Now, I've shared these overwhelming events to share this. I'm not sure I would have moved out on this plan, as a woman alone in ministry. I still believed a lot of wrong teaching against women being strong leaders. Mr. B's choice to not participate in homesteading or marriage was his choice, not mine. I've since learned a great deal more about the ministry to which I'm called, once I laid down the false teachings about women. My daughter and her husband have made their choices. My friend had a long line of heart issues in her family. I broke my arm twice in town before homesteading. The point is, life happens all around us. Bad things are not a sign that we're on the wrong path, they can be, but they don't have to be. Also keep in mind, bad things happening are not always an attack of the adversary! Even if the adversary is involved, he has to gain permission when it comes to the children of The Most High.

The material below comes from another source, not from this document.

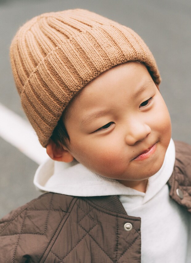 ベージュのニット帽は『ZARA』のもの。あたたかなアイテムに、冬らしさを加速!
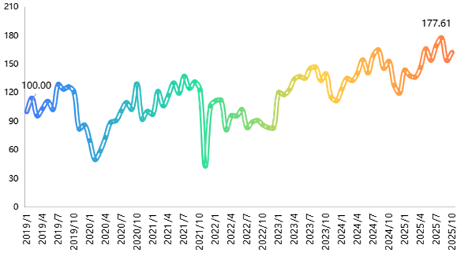 2019年—2025年10月甘肃乡村旅游消费热度总指数走势(点)

In every one of these situations, I was kept and provided for, and . . . although they seemed catastrophic at the time they happened, the events in this article took place over a nine year period. A lot of people have had a marriage go bad, lost a friend, faced a major health issue, gotten injured, and endured a family crisis in the past decade. Some people have persevered through all that and more. The spiritual assessment of the Will of our Creator is not necessarily; what happens to us in life, but how we handle what happens in life.